The last paperwork that was required to get the house of our dreams was a statement from my cable provider that said I was paying my bills on time. After many failed attempts on having a phone conversation with the peons of the Company-Which-Must-Not-Be-Named, I was stonewalled by endless hours of muzak. By sheer frustration, I started to make up lyrics to the tune of wanting to collect all the dog feces from my neighborhood and deliver it to the company’s doorstep. I hanged up in frustration and decide to attack the dark castle at first light.
The castle was unceremoniously small which stink of bureaucracy. My lovely wife came along in not the best of moods. Although I wanted this house, she dreamt about it nightly and picked every single detail that went into our future domain. She was so furious about this last obstacle that she didn’t even bother to get dressed. She came in a nightgown wrapped by a jacket and pink house shoes.

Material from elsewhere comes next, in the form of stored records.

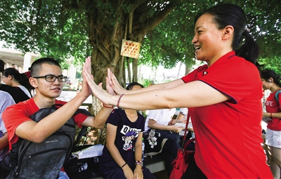 6月7日,高考首日,海南中学初中部考点,老师和考生一一击掌,为学生加油鼓劲。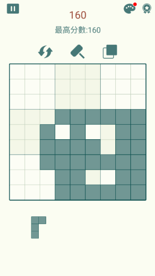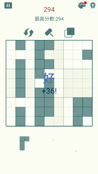 3、游戏界面极其简洁清爽,将方块拖到棋盘上拼接消除,让你动动手指即可快速的进行消除的;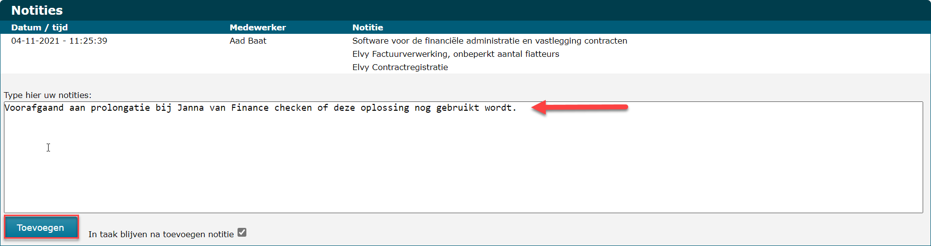 Als fiatteur heb je de mogelijkheid om een notitie toe te voegen op het paneel Notities en daarna bevestig je invoer met de knop Toevoegen.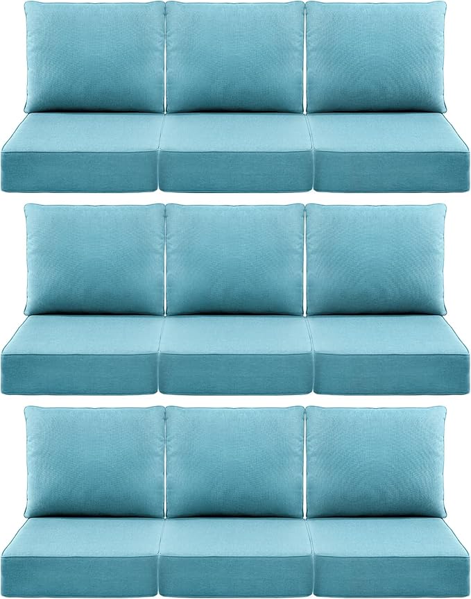 Luxury 6" Outdoor Cushions for Patio Furniture, 24x24x6" Thick Seat Cushion Set of 9, Fade Resistant Couch Chair Replacement Cushions High Density Deep Wicker Chair Cushion w/ Removable Cover, Teal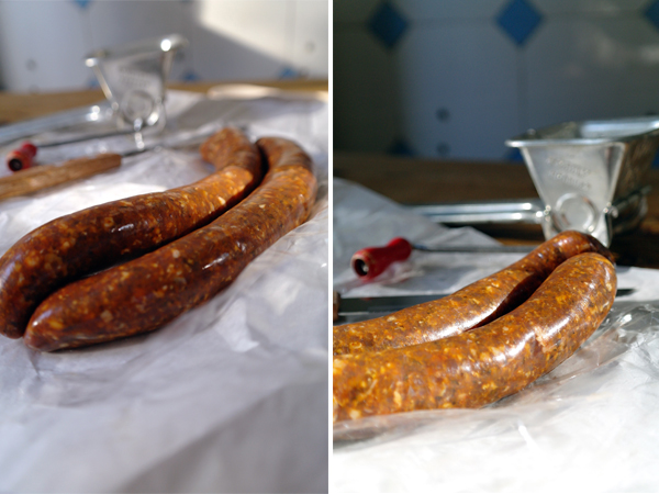 In alle den Jahren danach habe keine vergleichbare Wurst mehr gegessen. Bis ich letzte Woche durch Zufall diese handgemachten Merguez aufgestöbert habe. Die sahen einfach so gut aus. Der Händler lässt sie aus 100% Lamm mit orientalischen Gewürzen und ohne weitere Zusatzstoffe von einem Fleischer in Hamburg herstellen.
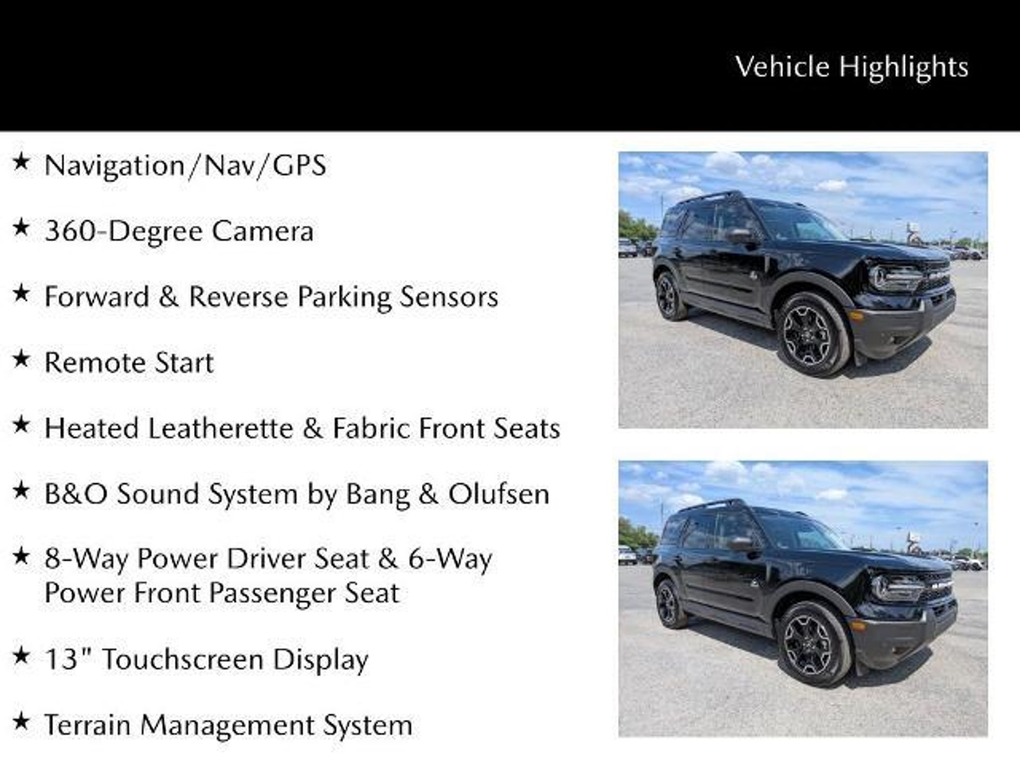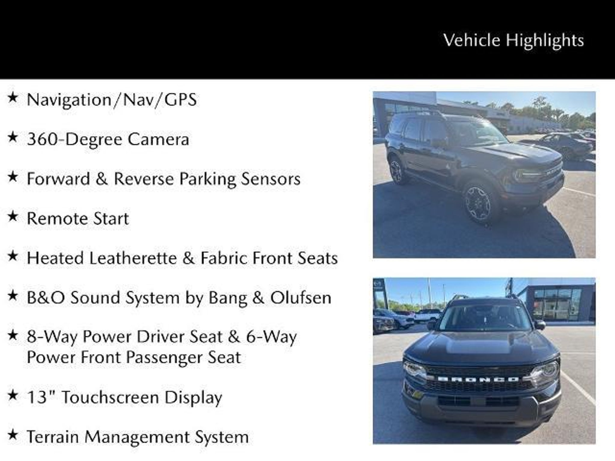 Refined styling meets everyday versatility in this 2025 Ford Bronco Sport Outer Banks (VIN 3FMCR9CN4SRE04299) with just 15,398 miles, offering a well-equipped SUV that blends comfort, technology, and capability. On the exterior, 18-inch machined face black aluminum wheels, LED headlamps, and LED fog lamps give it a modern, confident look while enhancing visibility in varying conditions. The Terrain Management System adds adaptability, helping you handle different road surfaces with ease. Inside, the cabin is designed for comfort and convenience with heated leatherette and fabric front seats, a heated steering wheel, and remote start?making it ready for any season. Technology is front and center with a large 13-inch touchscreen that keeps controls and connectivity within easy reach, along with a backup camera for added confidence when reversing. The Outer Banks Tech Package elevates the experience with built-in navigation and a B&O sound system, delivering premium audio quality and seamless guidance on every drive. With its low mileage, upscale features, and practical capability, this Bronco Sport Outer Banks is ready to handle your daily routine and weekend plans with style and confidence. ***ONE PREVIOUS OWNER*** Heated Leatherette & Fabric Front Seats, 8-Way Power Driver Seat & 6-Way Power Front Passenger Seat, Navigation/Nav/GPS, 360-Degree Camera, Forward & Reverse Parking Sensors, Remote Start, 172 Point Inspection completed by our Factory Certified & ASC Trained Technicians, Recent Oil Change, Vehicle Detailed, 18 Ebony Black-Painted Aluminum Wheels, B&O Sound System by Bang & Olufsen, 13 Touchscreen Display, Terrain Management System, Heated Premium Wrapped Steering Wheel, Equipment Group 300A, Garage Door Transmitter, Outer Banks Tech Package, Rain Sensing Wipers, Speed Control, SYNC 4 w/Enhanced Voice Recognition. Savannah, GA ? J.C. Lewis Mazda Smart Choices Start Here At J.C. Lewis Mazda, we know today?s drivers are informed, connected, and always looking for smart value. That?s why we include over 20 high-resolution photos and a full walkaround video with every vehicle ? so you can evaluate the details before ever stepping on the lot. Whether you?re a tech-forward professional, a college student, or simply someone who appreciates smart engineering, Mazda delivers the perfect balance of innovation, efficiency, and driving enjoyment. We?ll gladly provide a complimentary AutoCheck or CARFAX report for full transparency. Visit us at 10101 Abercorn St in Savannah, GA

Looking at my significant other, with her bright alabaster skin and blonde hair the first impression that many people make is that she is just a mousy Caucasian woman. No one suspects her Cuban lineage. I’ve realized in the many years I’ve been with her, that within her facade lies a beast, that when unleashed, darkness falls. I call this creature “The Werecuban”.
Seeing the long line inside the building I heard the critter inside my fiancé growl and I watch her argue with the woman behind the counter. She whirls around with a feral look and stares down the line of people and shouts, “Alright everybody, I want your attention!”
And in an instant I was in a bank robbery and I’m the getaway driver. I felt the tension down the line and even saw someone flinched. And I myself stepped back and flashed back to the movie ” Dog Day Afternoon” staring Al Pacino.
Pointing furiously at the counter The Werecuban snarled, “These people have been giving me the runaround all week and I can’t close my house today without documents from them! Is it okay if I cut in line?”
The crowd nodded their heads and sheepishly say in unison, “okay.”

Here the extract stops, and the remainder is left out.